In any case, people can and will and should be able to buy what they can and want if they can afford it, and resell if that’s their desire (in that sense we’re all Flippers-In-Waiting and points to the complexity of the issue – we don’t like Flippers when it’s other people, but we’re okay when it’s us). That you and I don’t like the practice is completely irrelevant. The only value on resale such a product possesses is the value we ourselves place on it by choosing to bid and buy. So, we can occasionally choose to walk away and not buy, and remember that it’s not a life-ending decision and our existence is not predicated on, nor the worth of our lives judged by, somehow missing out on this elixir. All it means is we can’t boast about having it and our social media won’t show it and no, we won’t be able to show it off to our rum club.
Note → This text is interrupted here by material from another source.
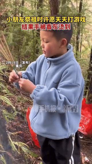 “彻底解释不清了!”重庆,一小朋友和家里人祭祖时,给老祖宗许了个愿,希望以后可以天天打游戏。结果,上香时手突然被掉落的香灰烫到!网友:“哈哈,老祖宗都听不下去了!” 这段视频发到网上后,很快就成了大家茶余饭后的乐子,评论区里全是善意的调侃,有人说老祖宗当场驳回了愿望,还有人打趣这是先祖在线劝孩子好好成长。笑过之后我们都能看出来,这只是生活里一场再普通不过的巧合,和所谓的“先祖显灵”没有半点关系,更不能把这个小意外当成封建迷信的由头。 香燃烧之后的灰烬本身带着余温,不小心落在皮肤上会有灼热感,这是基本的生活常识,和孩子许下的愿望没有任何关联。小朋友的想法纯粹又天真,在他的世界里,天天打游戏就是最开心的事,童言无忌本就是童年最珍贵的样子,没必要用成年人的眼光去苛责,更不能把意外和许愿强行绑定。 祭祖是刻在中国人骨子里的传统,这份仪式感从来不是用来索要私欲的满足,而是带着感恩之心缅怀先辈,记住祖辈的付出与坚守,把勤俭、上进、懂事的家风一代代传下去。春节跟着家人上山扫墓、恭敬上香,是让孩子知道自己的根在哪里,明白好好生活、努力成长,才是对先祖最好的告慰。 这件事最动人的地方,从来不是所谓的“老祖宗反对”,而是童真与传统碰撞出的温暖烟火气。严肃的祭祖仪式里,多了孩子的天真话语,反而让传统文化变得更鲜活、更贴近生活。家长也没有责怪孩子的小愿望,只是温柔地安抚他被烫到的小手,这样的画面,比刻板的仪式更有传承的意义。 网络上的趣味玩梗,只是大家对童真的喜爱,没人真的相信这是先祖在“教训”孩子。我们乐于看到这样轻松的传承,也更该清醒地看待传统习俗,丢掉迷信的枷锁,留住感恩与思念的内核。游戏可以是童年的乐趣,但成长路上还有学习、陪伴、探索更值得珍惜的事,借着这个小插曲,慢慢引导孩子合理安排时间,才是最有意义的事。 传统文化的延续,从来不是墨守成规,而是在理解中温柔传递。让孩子在轻松的氛围里感受家族的温暖,明白先祖的精神,比生硬的说教更能打动人心。香灰烫到的小意外,只是成长里的一个小玩笑,藏在祭祖背后的爱与责任,才是我们要一直守护的初心。 各位读者你们怎么看?欢迎在评论区讨论。

What we will have, is more money to spend on other things, maybe even the Next Thing, and come on, tell me honestly, is any of that really so bad?
Other Notes: “Sampling Out”
Originally I had a section on the practice of “sampling out” – buying a bottle to subdivide and sell 3cl or 5cl samples to others – I had thought that the prices when all samples’ prices summed up and averaged, are statistically higher per cl than an auction-flipped bottle and so represented another form of flipping. But I needed proof, as a “feeling” was not enough.
I contacted some acquaintances of mine who indulged in this practice (as either buyers or sellers or both), and this and other online research showed the assumption to be inconsistent at best. Checking around for prices of samples on FB versus retail on European sites showed that it was as likely to be higher as lower and in fact, of late the trend has been one of negligible markups.
This was not entirely a surprise. People sample out for several reasons: to recoup the price of an expensive bottle; to share but not incur yet more costs; to make space in the cabinet; to reduce a bunch of heels taking up space or to which the SO objects (these are real reasons!); to get cash for the next halo bottle they really want; to get rid of a bottle that has some value – say, because it’s very old – but which they themselves don’t like or which isn’t real famous. Such sellers tend to be more altruistic and sell at small margins or at cost plus postage. So not really a flipping scenario at all.
Then there are those who get a hot bottle and sell samples at a hefty markup. It’s better for those with slim purses who’ll never get the whole thing and could not afford it anyway and the small size of the bottle and its relatively more affordable cost makes it attractive. It’s flipping in all but name, though.
Some good back and forth on the subject took place on the Scandinavian Rum Academy on FB for those who are interested in others’ points of view.